The similarity of that term, "chair holder," and the corresponding term from the corporate world, "share holder" is not entirely coincidental.

The tempo of the "music" grew faster and faster as the bubble inflated.  The players moved ever more quickly as they plummeted forward around the circle.  Soon enough, there was little thought of just how accessible one of those chairs might be at any given moment.  The game was infatuating.  Hypnotic.

The mortgage market, inebriated by the carefully crafted rising prices for the homes which once supported the value of the mortgages, careened on beyond even the place of comfort originally devised by the culprits.  They had intended to quit before things got so far out of control.

However, they lost no sleep over the prospect of leaving one or more of the other dancers without a chair.  The psychopathology of the ponzi schemer did not rely on being "lost in the crowd" so much as being safely "gone" when it cratered.  

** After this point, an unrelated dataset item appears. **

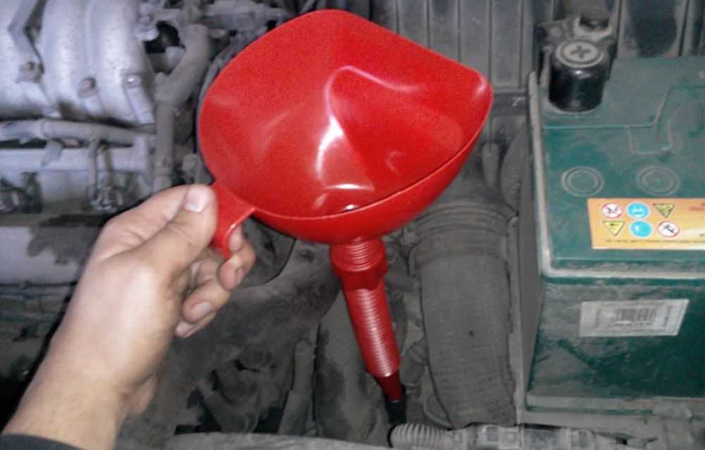 - Далее открывают капот и извлекают щуп. Вместо него в отверстии размещают воронку. При затруднённом доступе допустимо пользоваться резиновым шлангом.

And, in our present, desperate, and newly encountered economic sobriety, we are enduing that cratering.  We see the tatters of that old "musical chairs" game in the wreckage all around us, except, unlike the cozy parlor of days gone by, there are hundreds of puzzled players who just now are realizing that there are only one or two chairs left in the center.

Happily, the market will still correct itself, not, however, in the staid, productive flow taught in economics class.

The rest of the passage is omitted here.